Dibutuhkan lebih banyak pemimpin perempuan

Dalam sesi yang sama bertajuk “Seekor Ikan Keluar dari Air? Kepemimpinan Perempuan dan Utilitas Air,” Zailan Sharif dari Departemen Teknologi Informasi Ranhill Utilities di Johor Bahru, Malaysia, dan Nino Abuladze dari United Water Supply Company of Georgia juga berbagi cerita mereka. seperti yang disampaikan oleh para pemimpin perempuan di sektor air.

Ketiganya sepakat bahwa perempuan perlu menunjukkan bahwa mereka sama efektifnya dengan laki-laki untuk menjadi pemimpin yang efektif, khususnya di sektor air.

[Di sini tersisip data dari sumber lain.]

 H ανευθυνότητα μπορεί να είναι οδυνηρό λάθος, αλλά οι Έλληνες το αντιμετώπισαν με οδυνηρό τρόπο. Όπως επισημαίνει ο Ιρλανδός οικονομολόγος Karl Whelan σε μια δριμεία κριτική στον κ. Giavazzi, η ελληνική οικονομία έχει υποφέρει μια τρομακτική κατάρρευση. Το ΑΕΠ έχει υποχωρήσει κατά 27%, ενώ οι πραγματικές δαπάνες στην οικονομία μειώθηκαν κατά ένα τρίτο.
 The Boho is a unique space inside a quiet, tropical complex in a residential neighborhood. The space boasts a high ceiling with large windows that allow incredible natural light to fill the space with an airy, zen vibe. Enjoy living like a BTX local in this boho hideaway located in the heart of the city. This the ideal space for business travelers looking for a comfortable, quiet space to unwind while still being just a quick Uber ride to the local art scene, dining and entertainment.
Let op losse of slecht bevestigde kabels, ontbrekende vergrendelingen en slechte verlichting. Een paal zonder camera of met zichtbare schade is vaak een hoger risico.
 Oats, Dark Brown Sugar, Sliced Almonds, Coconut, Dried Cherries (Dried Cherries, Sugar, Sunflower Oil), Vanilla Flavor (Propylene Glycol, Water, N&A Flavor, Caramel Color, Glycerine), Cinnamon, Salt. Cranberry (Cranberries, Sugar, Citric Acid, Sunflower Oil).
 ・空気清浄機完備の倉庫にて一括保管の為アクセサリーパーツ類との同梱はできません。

Gamboa berkata: “Saya ingin membuktikan bahwa apa yang bisa dilakukan laki-laki, perempuan juga bisa.”

“Kami akan sama efisiennya, namun perbedaannya adalah ketika perempuan melihat bahwa masyarakat tidak mempunyai air dan mereka harus mengantre ember yang datang dari tempat yang sangat jauh, saya ikut merasakan perasaan mereka sebagai seorang perempuan,” tambahnya.

Namun, Patricia Wouters, pakar hukum internasional yang berbasis di Tiongkok, mengatakan: “Kepemimpinan perempuan dibandingkan dengan kepemimpinan laki-laki bersifat pribadi.”

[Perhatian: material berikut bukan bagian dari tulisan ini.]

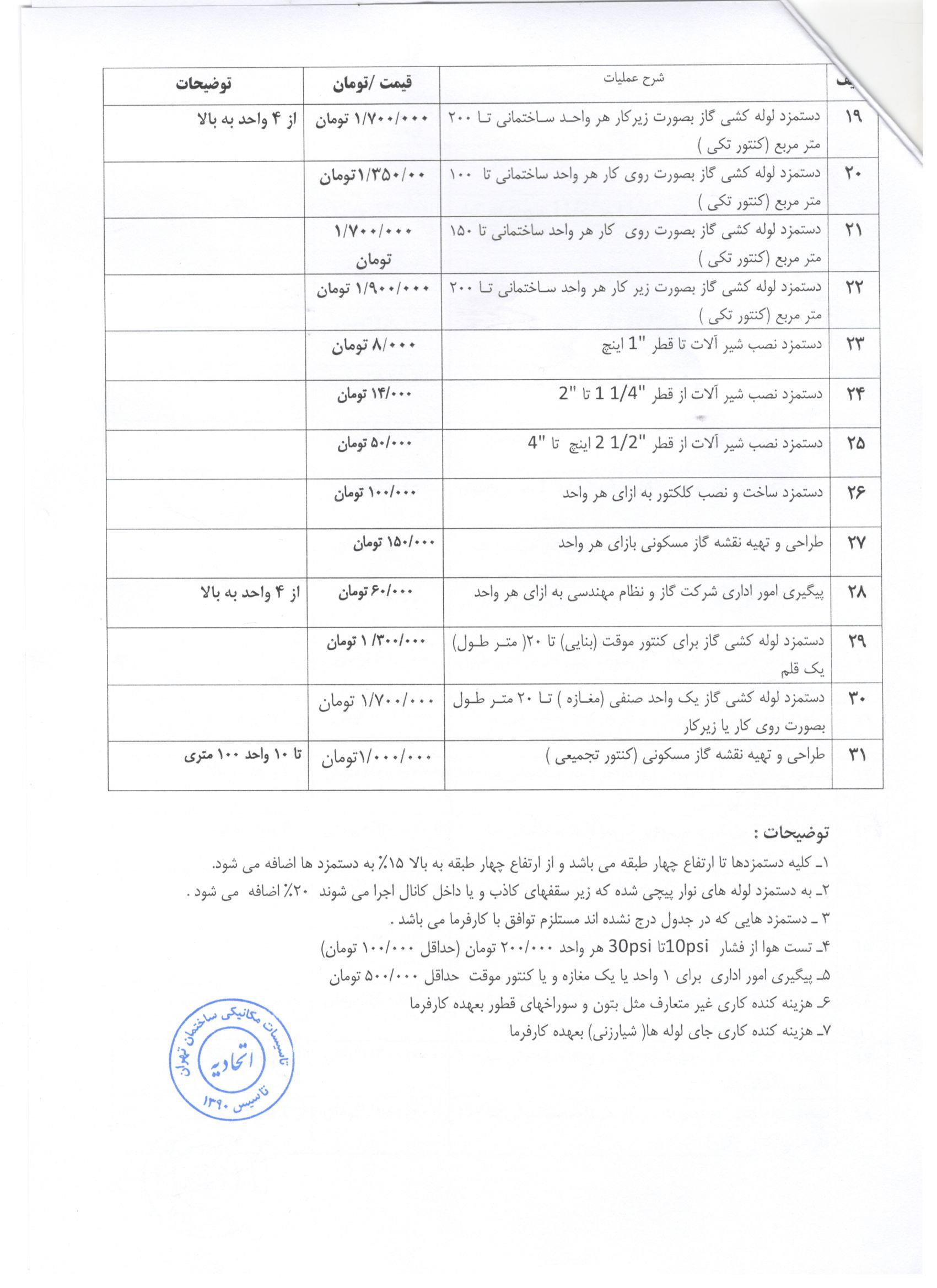 علاوه بر اینها، دستمزد نصب شیرآلات، طراحی و تهیه نقشه کار مسکونی هر واحد، لولهکشی گاز برای کنتور موقت، لولهکشی گاز برای واحد صنفی و … نیز از سوی اتحادیه تاسیسات مکانیکی ساختمان تهران اعلام شده است که مشروح آن با جزییات در جدولهای زیر آمده است.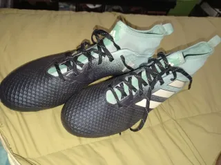 Botas de fútbol de la marca Adidas en talla 46. Diseñadas para ofrecer un buen rendimiento en el campo. - Color negro con detalles en verde menta. - Cierre con cordones negros. - Diseño tipo calcetín para un ajuste cómodo.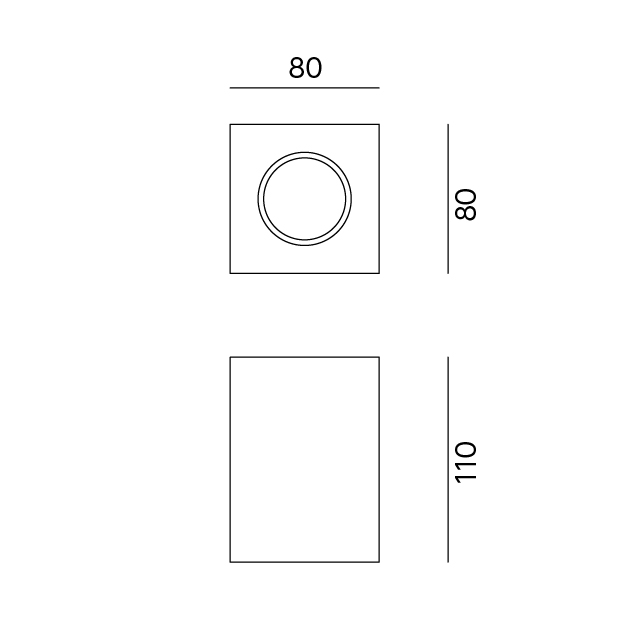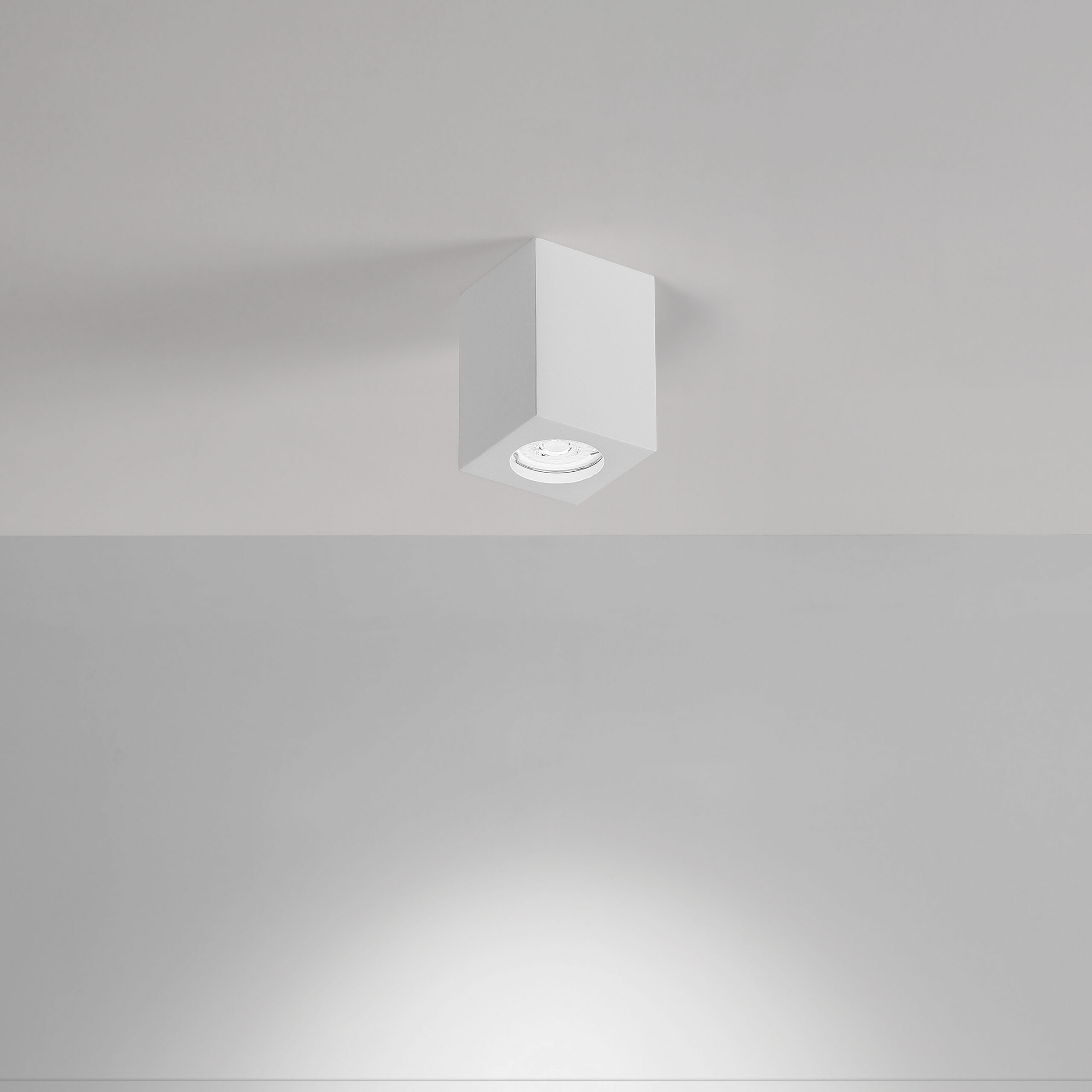 Plafone quadrato in gesso. Portalampada GU10 integrato. Lampada LED GU10 non inclusa. Corpo in gesso. Alimentazione 220-240V.

Ia juga menyerukan lebih banyak penelitian mengenai partisipasi angkatan kerja perempuan di Asia. Studi-studi ini, tambah Wouters, harus lebih fokus pada partisipasi perempuan dalam kepemimpinan, dan mempertimbangkan faktor-faktor budaya yang mungkin berbeda dari tren yang terlihat di Amerika Serikat atau Eropa. – Rappler.com

(Catatan Editor: Judul acara yang benar adalah “Lokakarya Perempuan, Air dan Kepemimpinan,” bukan “Lokakarya Perempuan, Air dan Sanitasi” seperti yang disebutkan dalam versi artikel ini sebelumnya. Kami mohon maaf atas kesalahan ini.)